6. Do strict structured outputs, schemas, or downstream parsers still have an explicit contract?
7. For long-running Responses or tool-heavy agents, is `phase` already preserved if the host relies on preambles, replayed assistant items, or multiple assistant messages?
8. Are latency, token, or price assumptions validated by tests, realistic spot checks, or an existing eval suite rather than inferred from general model positioning?

If item 1 is no, items 3 through 4 point to implementation work, or item 7 is no and the fix needs code changes, return `blocked`.
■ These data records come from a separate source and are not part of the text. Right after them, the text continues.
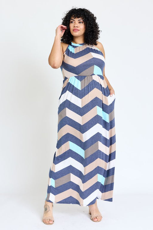 EG fashionPlus Halter Neck Chevron Maxi DressMade In: United StatesFabric Contents: 78% Polyester 18% Rayon 4% Spandex
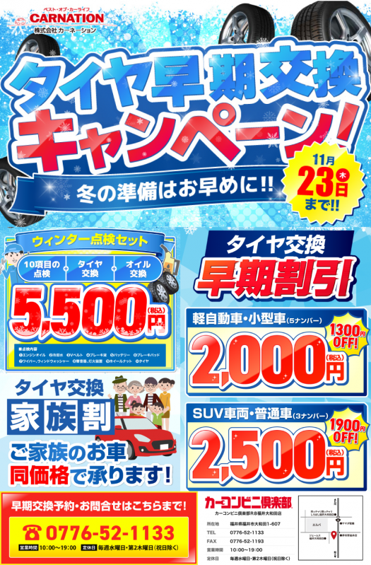 福井県 福井市 タイヤ交換 タイヤ早期交換 スタッドレスタイヤ タイヤ交換キャンペーン 早期割引 軽自動車 普通車
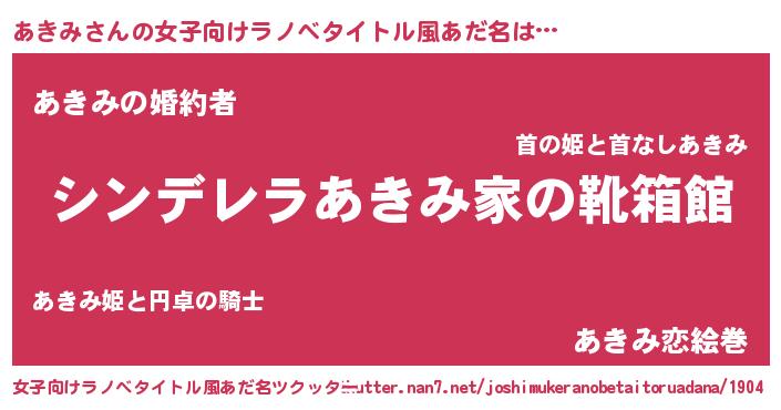 | 男性向けラノベタイトル風あだ名 | 『冴えないあきみの育てかた』 |
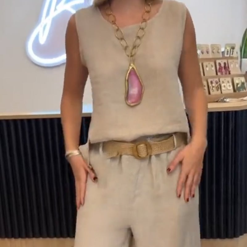 Relaxed and effortless in profile, this set offers maximum comfort and freedom of movement. Wide-legged pants and sleeveless tops are designed to fit all body types, making them the perfect choice for women of any size (S-5XL).
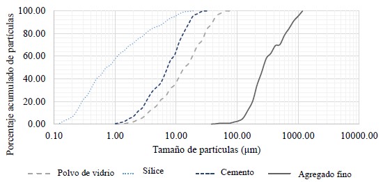 La Tabla 4 muestra las características químicas del cemento, el humo de sílice, el polvo de vidrio y el agregado fino utilizado.
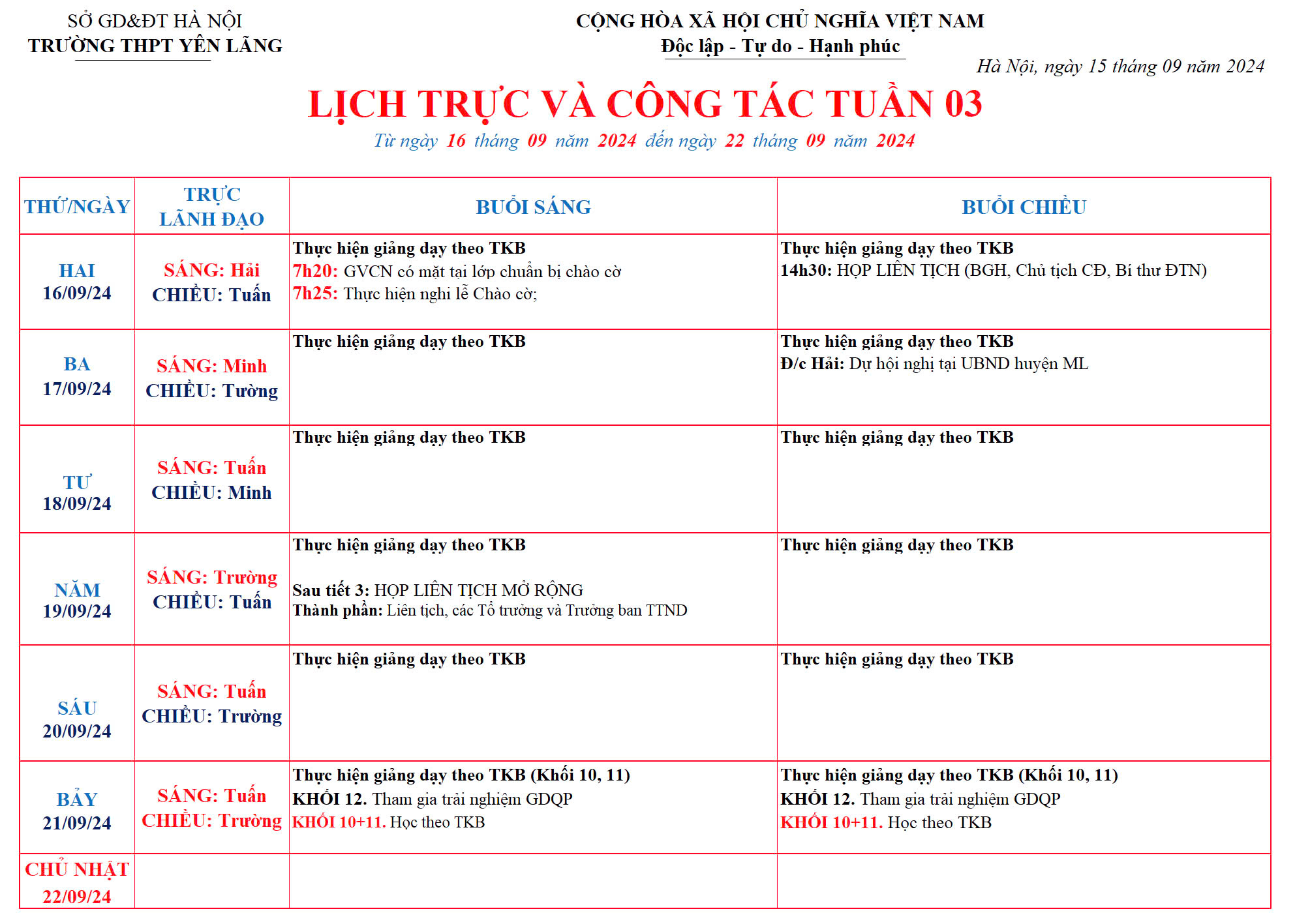 Lịch công tác tuần 03

If item 2 is no, return `unknown` unless the user can point to the prompt location.

Important:

- Existing use of tools, agents, or multiple usage sites is not by itself a blocker.
- If the current host can keep the same API surface and the same tool definitions, prefer `model string + light prompt rewrite` over `blocked`.
- Reserve `blocked` for cases that truly require implementation changes, not cases that only need stronger prompt steering.
- Do not claim token savings without task-level validation.

## Scope boundaries

This guide may:

- update or recommend updated model strings
- update or recommend updated prompts
- inspect code and prompt files to understand where those changes belong
- inspect whether existing Responses flows already preserve `phase`
- flag compatibility blockers
- propose validation with existing tests, realistic spot checks, or existing eval suites

This guide may not:

- move Chat Completions code to Responses
- move Responses code to another API surface
- migrate SDKs, APIs, IDE configuration, shell hooks, plugins, or provider-specific tooling
- rewrite parameter shapes
- change tool definitions or tool-call handling
- change structured-output wiring
- add or retrofit `phase` handling in implementation code
- edit business logic, orchestration logic, SDK usage, IDE configuration, shell hooks, or plugin integration behavior except for model-string replacements and directly related prompt edits

If a safe GPT-5.5 upgrade requires any of those changes, mark the path as blocked and out of scope.

## Validation plan

- Validate each upgraded usage site with existing tests, realistic spot checks, or an existing eval suite when one is already available.
- Compare against the current GPT-5.4 baseline when available.
- Check task success, retry count, tool-call count, total tokens, latency, output shape, and user-visible quality.
- For specialized workflows, validate the contract that matters most instead of judging only general output quality.
- If prompt edits were added, confirm each block is doing real work instead of adding noise.
- If the workflow has downstream impact, add a lightweight verification pass before finalization.